Этим пришлось заниматься часа два. Разбуженный на помощь сын хозяина — мальчишка лет десяти, который, в отличие от родителей, образ действий гостей совершенно одобрял, — показал в трети лиги от деревни расщелину, помог — без малейшей брезгливости — перетаскать вастаков и тут же начал настойчиво проситься с кардоланцами, клятвенно обещая не быть обузой, служить, разжигать, варить, чистить, караулить, переносить и быть бесстрашным в бою. За всеми этими хлопотами — от мальчишки удалось отвязаться, только объяснив ему, что все сражения ещё впереди и смелые витязи понадобятся «на местах», — выяснилось, что почтенный Фенодири тихо и без претензий слинял, прихватив с собой всех лошадей вастаков (необычно для гнома) и их кошели. Умаявшиеся и невероятно злые кардоланцы, обнаружившие это только по возвращении в трактир, ошалело помолчали, а потом начали хохотать.

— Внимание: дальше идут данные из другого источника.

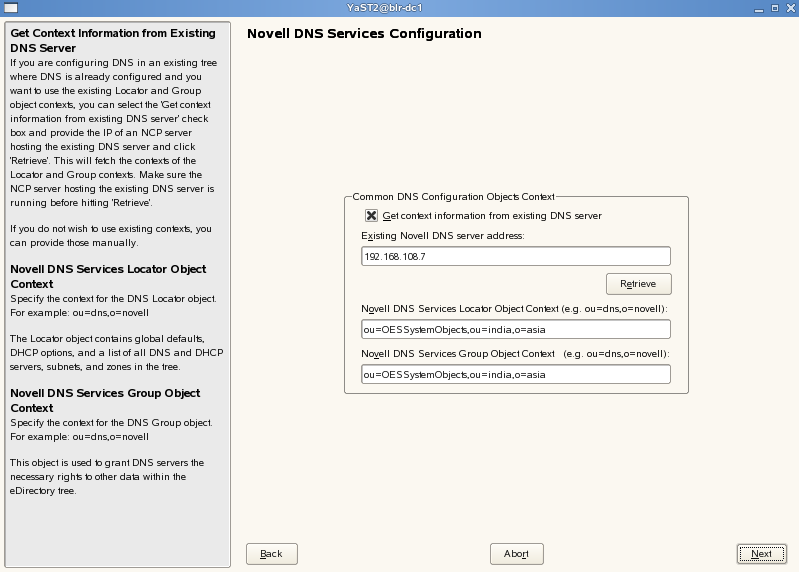 If you already have an DNS server configured in your tree, select the option and provide the IP address of an existing DNS server and select .

— У нас это называется «жук», — заключил Гарав, садясь на постель и осторожно стягивая рубаху. — Ну вот, ещё и подол кровью заляпал! Да что ж за ночь такая! — Он швырнул рубаху на колени.
— А у нас это называется разведчик. — Эйнор усмехнулся напоследок и стал раздёргивать перевязи.
Фередир, закладывавший на двери засов, обернулся и округлил глаза:
— Думаешь?!
— Уверен. Делает то же, что и мы делали. Скорей всего, выполняет волю этого старого скота Фрора из Мории.
— За что ты о нём так? — удивился Гарав.
Эйнор поморщился:
— Морийские гномы — наши союзники и верные ненавистники зла, это правда. Но правда и то, что их нынешний Государь — старый скот, скряга и негодяй.
Больше рыцарь ничего объяснять не стал, хотя Гарав всем своим видом показывал, что не прочь ещё что-нибудь услышать на эту тему. Но Эйнор просто залез под одеяло и поставил меч точно под руку. Фередир между тем снова и снова проверял мощный засов на прочной двери.
— Выходит, Руэта выступил в поход, — сказал он, возвращаясь к постели и садясь. — Куда, неужели на нас?!
— Скорей всего, — угрюмо согласился Эйнор. — В Зимру, утром — в Зимру, галопом… Сейчас бы ехать, но мы с сёдел попадаем… И вряд ли это один Руэта.
— Думаешь, и Чёрный Король тоже? — Фередир передёрнулся, сел, выжидательно уставился на рыцаря, как бы надеясь, что тот опровергнет опасения оруженосца.
Эйнор молча кивнул и закрыл глаза, ясно давая понять, что более не скажет ни слова.
* * *
Гарав проснулся задолго до рассвета.
Осознав, что не спит, он какое-то время лежал неподвижно с открытыми глазами, прислушиваясь к ночи и привыкая к темноте. Потом тихонько привстал на локте.
Эйнор и Фередир спали — молча, только Фередир по своей всегдашней привычке улёгся на живот между рыцарем и младшим оруженосцем и громко сопел в подушку, обнимая её. Расставленные локти обозначали границу его жизненного пространства — на двоих других обитателей кровати из-за этих локтей пришлась едва половина. Гарав усмехнулся, но тут же вспомнил свой сон, который его разбудил.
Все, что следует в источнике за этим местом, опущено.